Any interest you pay that is directly related to your rental activity (e.g., mortgage interest, credit cards you use for repairs) can be deducted from your taxes.

INSURANCE PREMIUMS

Most insurance premiums you pay relating to your rental property can be claimed as deductions. These may include landlord liability, flood, fire, and theft insurance, as well as any health or workers’ compensation insurance you pay on your employees.

REPAIRS

If you have to conduct repairs on your rental property, the cost of those repairs can be deducted from your taxes for the year in which the repairs are made. (Important: repairs are not the same as improvements, which must be depreciated rather than deducted. If you have any confusion as to which is which, consult your tax accountant.)

TRAVEL

Travel is one of the most commonly overlooked deductions by rental property owners. The government affords you certain deductions for any type of travel related to your rental business. On the local level, you can claim this deduction either by documenting the upkeep and expenses on the vehicle you use, or claim the standard rate per mile. For long-distance (overnight) travel, you can even deduct such things as airfare, meals and hotel bills.

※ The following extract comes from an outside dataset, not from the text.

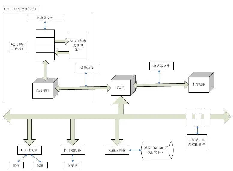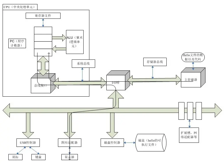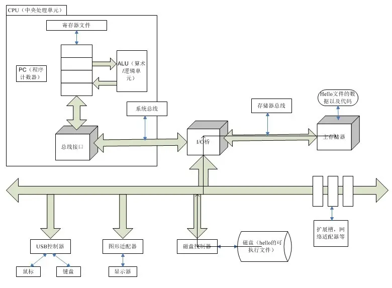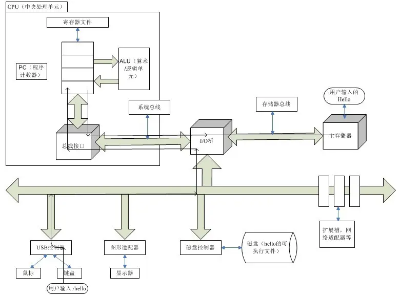 I/O设备:I/O设备是系统与外部联系的通道.I/O设备(键盘、鼠标、显示器等)由控制器(USB控制器)或者适配器(图形适配器)与I/O总线相连,两者的区别在于一个是主板上的芯片组,一个是主板插槽上的卡。

EMPLOYEES, CONTRACTORS, AND PROFESSIONAL SERVICES

If you have employees on your staff to help you with your property, you can claim their salaries as business expenses; the same with any independent contractor you hire. Additionally, any fees you pay to property management companies, accountants or attorneys as part of your rental business are deductible expenses.

As you can see, there are many ways to claim rental property deductions and save on taxes. As a final note, it is the prerogative of the IRS to investigate any activity that it deems questionable, but as long as you keep accurate records and receipts of the deductions you take, you’ll have no problem answering their questions.